> **Data for processing**:
══════════

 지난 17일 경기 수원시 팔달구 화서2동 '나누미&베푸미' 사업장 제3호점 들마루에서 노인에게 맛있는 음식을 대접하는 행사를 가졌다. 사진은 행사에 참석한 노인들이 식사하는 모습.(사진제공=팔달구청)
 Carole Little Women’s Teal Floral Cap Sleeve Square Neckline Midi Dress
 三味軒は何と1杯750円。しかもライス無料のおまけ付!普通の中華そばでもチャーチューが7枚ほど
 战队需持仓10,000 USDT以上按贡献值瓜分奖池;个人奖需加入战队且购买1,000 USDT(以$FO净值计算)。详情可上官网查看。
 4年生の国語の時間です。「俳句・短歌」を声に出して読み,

══════════

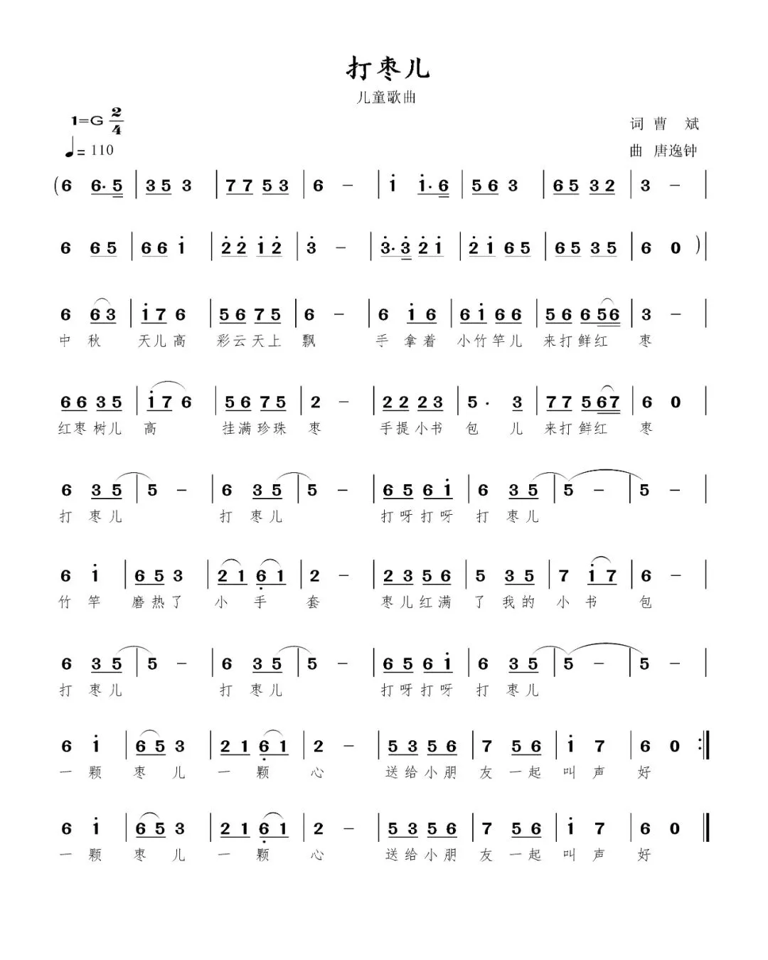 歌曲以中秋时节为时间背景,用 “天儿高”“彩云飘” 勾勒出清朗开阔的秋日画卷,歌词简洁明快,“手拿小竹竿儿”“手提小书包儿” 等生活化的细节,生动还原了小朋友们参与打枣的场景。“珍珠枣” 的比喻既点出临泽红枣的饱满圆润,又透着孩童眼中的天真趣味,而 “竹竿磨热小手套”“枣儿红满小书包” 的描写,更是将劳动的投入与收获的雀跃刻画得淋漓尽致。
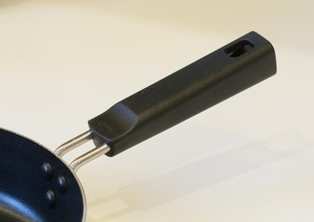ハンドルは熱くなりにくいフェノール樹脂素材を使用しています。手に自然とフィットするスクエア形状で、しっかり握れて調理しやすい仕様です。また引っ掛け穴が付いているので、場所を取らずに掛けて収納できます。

══════════

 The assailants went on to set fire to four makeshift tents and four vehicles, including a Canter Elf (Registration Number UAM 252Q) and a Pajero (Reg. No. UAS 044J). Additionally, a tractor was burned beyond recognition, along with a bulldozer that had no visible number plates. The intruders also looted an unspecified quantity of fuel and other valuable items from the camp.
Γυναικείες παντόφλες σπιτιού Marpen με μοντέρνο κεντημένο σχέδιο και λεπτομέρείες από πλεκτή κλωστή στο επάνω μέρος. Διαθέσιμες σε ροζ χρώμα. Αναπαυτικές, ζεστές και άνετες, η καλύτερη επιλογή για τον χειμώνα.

══════════

> **Task description**: I'd like the lines above from the one with "The assailants went" up to and including the one with "Γυναικείες παντόφλες σπιτιού" copied exactly, with no other lines.

> **Output of the exercise**:
 The assailants went on to set fire to four makeshift tents and four vehicles, including a Canter Elf (Registration Number UAM 252Q) and a Pajero (Reg. No. UAS 044J). Additionally, a tractor was burned beyond recognition, along with a bulldozer that had no visible number plates. The intruders also looted an unspecified quantity of fuel and other valuable items from the camp.
Γυναικείες παντόφλες σπιτιού Marpen με μοντέρνο κεντημένο σχέδιο και λεπτομέρείες από πλεκτή κλωστή στο επάνω μέρος. Διαθέσιμες σε ροζ χρώμα. Αναπαυτικές, ζεστές και άνετες, η καλύτερη επιλογή για τον χειμώνα.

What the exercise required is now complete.